Component diagrams provide a high-level overview of the system, showing the major components and their relationships. This helps everyone involved understand the overall architecture without getting lost in the details of more technical views or even code.

Although there are standard notations for component diagrams (e.g. in UML), I recommend not following them too closely for solution design documents. For their target audience, which is always more business than technical, ease of understanding is more important than 100% compliance with a notation standard.

Based on the previous analysis you now can start thinking about high-level building blocks and their relations to each other. In the following component diagram these relations are represented by arrows which indicate a "uses" or "communicates with" relation:


Example of a Component Diagram


Some hints and tips regarding the creation of component diagrams - based on my experiences:

  • Use coloring as much as possible, but don't overdo it. It is more important to be consistent in your color choices, so that objects of the same type are colored the same. I often see complicated diagrams where the elements are almost indistinguishable to the human eye. Especially when arrows and boxes have the same style (black, solid lines of the same thickness), the chaos becomes perfect.
  • Use rounded corners and lines whenever possible. This is more comfortable and easier to read.
  • Adjust the font size to the size of the chart. Most drawing programs do not do this automatically, so as the diagram size increases, the ratio of font size to expansion becomes worse and worse. The result is that the text can only be read with a magnifying glass when the chart has to be reduced to fit the given slot (e.g. screen with a restricted resolution, or here on LinkedIn the images need to have a fixed width).
  • Distinguish between machine-to-maschine interactions or relationships (solid arrows) and those of human users (dashed arrows), as these are two completely different subjects - with different principles, rules, and thus implications for implementation.
  • An application is a closed system that lives in a closed platform. Therefore, you should never connect arrows from a component directly to an external system, but route them through so-called ports. After all, you don't go out of your house directly through the wall, but use the door, do you?
  • These ports (or technically speaking: interfaces) are shown in my component diagram as small colored boxes on the edges of a system to show that there are “pass-through” points (for data, signals, interactions, etc.).

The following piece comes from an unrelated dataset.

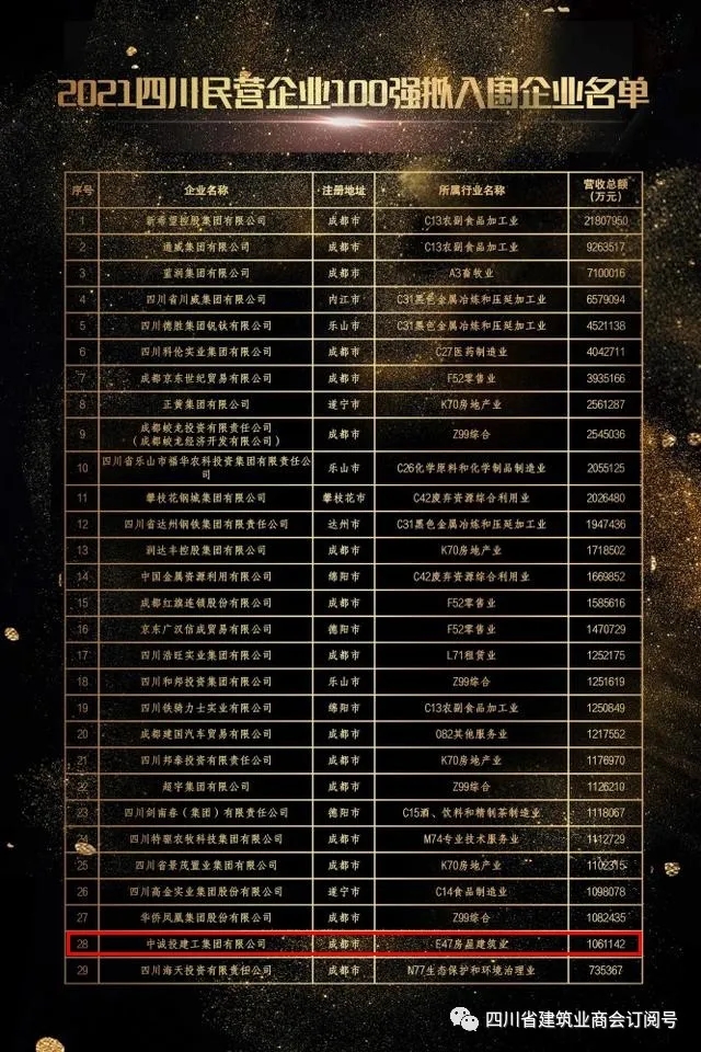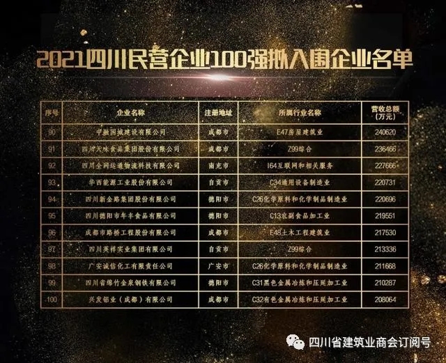 据2021四川民营企业100强调研分析报告显示,进入100强的建筑企业有5家,其中三家为我会优秀企业。

For the technical forms of communication, capabilities such as REST messages or scripted REST APIs can be utilized in ServiceNow. And human users also interact with a system through (user) interfaces, which are technologically different and can be a mobile app in ServiceNow, a service portal, or a workspace. That is why those UIs have a different port color in my diagrams.


Wrapping up

This article is not intended to be a complete guide to writing a solution design document, as other elementary chapters are missing to make such a document complete. Some examples are:

  • Introduction & Overview: purpose, scope, audience, project context, history, referrences to related sources
  • Current situation: what is available/existing at the moment on customer side, what are the current challenges and pain points
  • Requirements Overview: references to provided requirements documents, summarized/extracted business/functional/non-functional requirements and constraints
  • Non-functional Design Considerations: performance, security, scalability, reliability
  • Assumptions and Risks: conditions assumed true, potential risks and their possible mitigations, constraints
  • Implementation Considerations: proposed development approach (in ServiceNow stick to the well-defined Now Create methology), testing strategy, deployment plan, dependencies, etc.
  • Appendices: glossary, references, etc.


For those eager for concrete implementation insights, the upcoming articles will delve deeper into the technical details, offering a closer look behind the scenes. Until then, I look forward to your feedback and questions, and wish you an exciting time on your own adventures in the ServiceNow universe.